- **DIRECTIONS FOR THIS TASK**: Only one span of the material below is wanted. Output it exactly, from the line with "Perfect for the" through the line with "91 - حَدَّثَنَا", without any pictures.

- **GIVEN INFORMATION**:
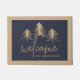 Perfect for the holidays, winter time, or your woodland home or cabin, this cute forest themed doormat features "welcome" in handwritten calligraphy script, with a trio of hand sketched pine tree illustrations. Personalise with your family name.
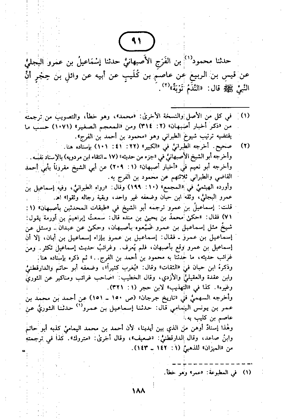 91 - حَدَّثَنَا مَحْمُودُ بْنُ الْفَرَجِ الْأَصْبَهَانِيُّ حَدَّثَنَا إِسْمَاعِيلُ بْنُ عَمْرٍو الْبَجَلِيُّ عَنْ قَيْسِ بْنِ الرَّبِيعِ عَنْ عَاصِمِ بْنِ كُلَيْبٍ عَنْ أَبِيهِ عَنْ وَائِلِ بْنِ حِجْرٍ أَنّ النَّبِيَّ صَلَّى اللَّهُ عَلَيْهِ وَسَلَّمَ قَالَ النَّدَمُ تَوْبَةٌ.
* * *
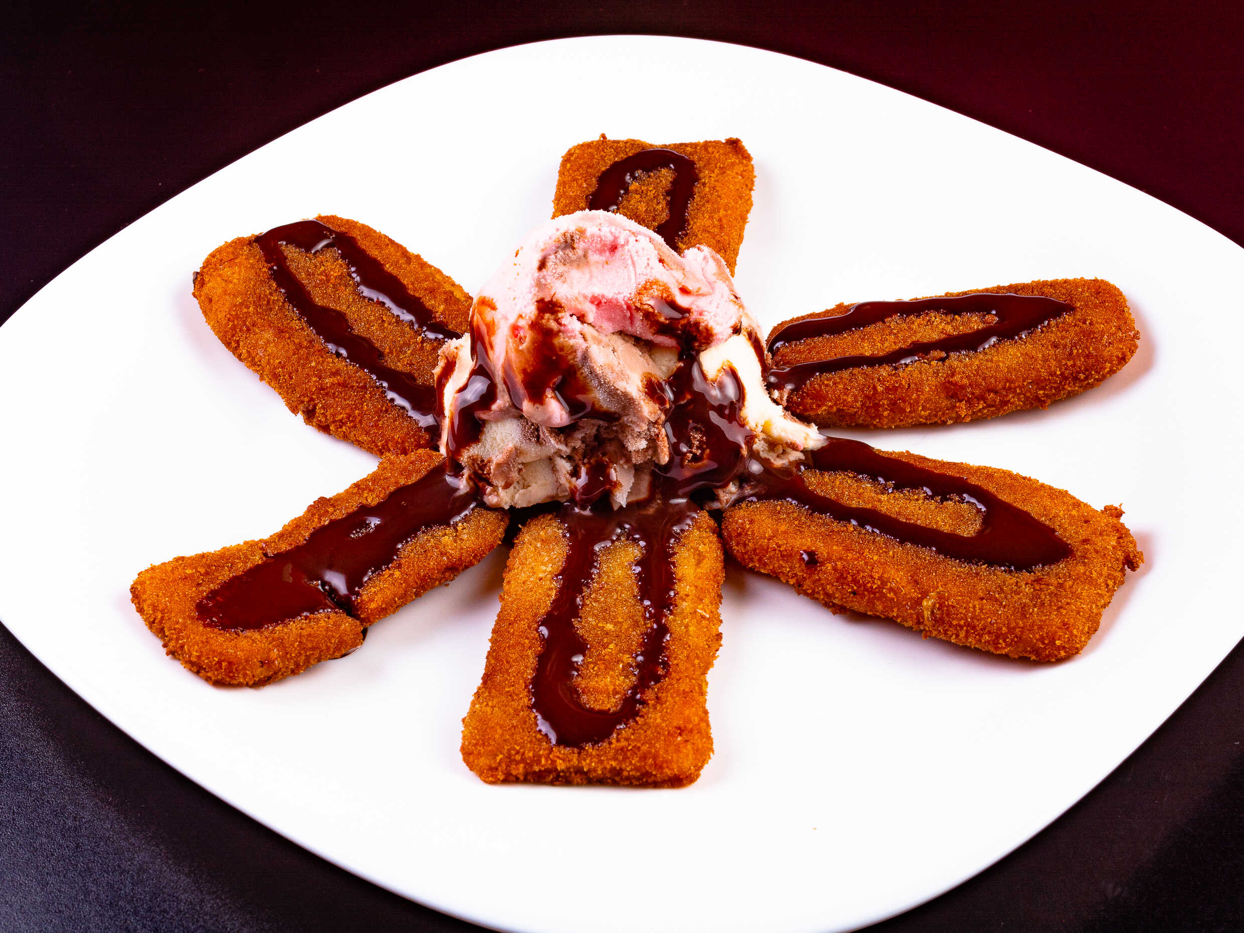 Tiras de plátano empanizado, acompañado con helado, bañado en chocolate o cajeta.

- **ANSWER TO THE PROBLEM**:
 Perfect for the holidays, winter time, or your woodland home or cabin, this cute forest themed doormat features "welcome" in handwritten calligraphy script, with a trio of hand sketched pine tree illustrations. Personalise with your family name.
 91 - حَدَّثَنَا مَحْمُودُ بْنُ الْفَرَجِ الْأَصْبَهَانِيُّ حَدَّثَنَا إِسْمَاعِيلُ بْنُ عَمْرٍو الْبَجَلِيُّ عَنْ قَيْسِ بْنِ الرَّبِيعِ عَنْ عَاصِمِ بْنِ كُلَيْبٍ عَنْ أَبِيهِ عَنْ وَائِلِ بْنِ حِجْرٍ أَنّ النَّبِيَّ صَلَّى اللَّهُ عَلَيْهِ وَسَلَّمَ قَالَ النَّدَمُ تَوْبَةٌ.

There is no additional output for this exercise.